Nuclear Ca(2+) transients were also observed
in tobacco BY-2 cells. The Ca(2+) response was more pronounced in roots than in shoots and involved Ca(2+) uptake from the extracellular space as revealed by inhibitor studies. Inhibition www.selleckchem.com/products/GSK461364.html of the Ca(2+) response by staurosporine and the refractory nature of the Ca(2+) elevation suggest that a receptor may be involved. The CWE does not stimulate H(2)O(2) production and the activation of defence gene expression, although it led to phosphorylation of mitogen-activated protein kinases (MAPKs) in a Ca(2+)-dependent manner. The involvement of MAPK6 in the mutualistic interaction was shown for an mpk6 line, which did not respond to P. indica. Thus, Ca(2+) is likely to be an early signalling component in the mutualistic interaction
between P. indica and Arabidopsis or tobacco.”
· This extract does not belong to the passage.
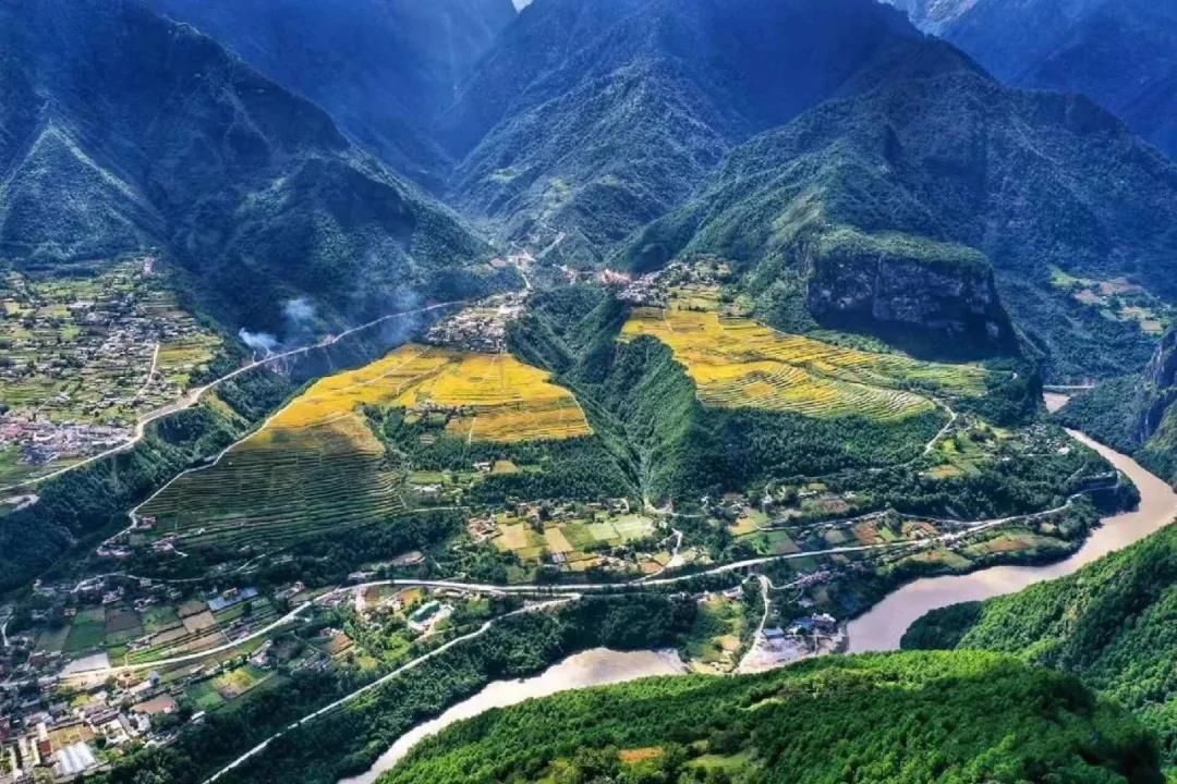 過了怒江第一灣,就到了丙中洛。站在觀景臺上,一邊是人神共居之地——丙中洛。另一邊是怒江上另一顆粉色寶石——桃花島。丙中洛鎮(zhèn)是一片比較平的坡地,四周被群山環(huán)抱,滿目蒼翠。放眼是美麗的田野風光。層層梯田一片金黃,阡陌田園之間,又是綠樹叢林相間。一彎怒江沿著大山邊緣,畫了個弧線流向右方,真是分不清楚是“蓬萊仙閣”還是“人間仙境”。

“A new glycomonomer, 3-acrylamido-3-deoxy-1,2:5,6-di-O-isopropylidene-alpha-D-glucofuranose, was synthesized from D-glucose. This monomer was homo-polymerized and copolymerized with N-isopropylacrylamide in different compositions by free-radical polymerization. The composition of the copolymer was determined with (1)H-NMR spectroscopy. On acid hydrolysis, water-soluble deprotected copolymers were obtained. The protected and deprotected copolymers showed a sharp cloud-point temperature. A linear correlation was obtained between the lower critical solution selleck kinase inhibitor temperatures and the concentration of glycomonomer in the copolymers (C) 2008 Wiley Periodicals, Inc. J Appl Polym Sci 111: 2607-2615, 2009″
“P>Stomatal closure in response to abscisic acid depends on mechanisms that are mediated by intracellular [Ca2+] ([Ca2+](i)), and also on mechanisms that are independent of [Ca2+](i) in guard
cells. In this study, we addressed three important questions with respect to these two predicted pathways in Arabidopsis thaliana. (i) How large is the relative abscisic acid (ABA)-induced stomatal closure response in the [Ca2+](i)-elevation-independent pathway? (ii) How do ABA-insensitive mutants affect the [Ca2+](i)-elevation-independent pathway? (iii) Does ABA selleckchem enhance (prime) the Ca2+ sensitivity of anion and inward-rectifying K+ channel regulation? We monitored stomatal responses to ABA while experimentally inhibiting [Ca2+](i) elevations and clamping [Ca2+](i) to resting levels. The absence of [Ca2+](i) elevations was confirmed by ratiometric [Ca2+](i) imaging experiments. ABA-induced stomatal closure in the absence of [Ca2+](i) elevations above the physiological resting [Ca2+](i) showed only approximately 30% of the normal stomatal closure response, and was greatly slowed compared to the response in the presence of [Ca2+](i) elevations.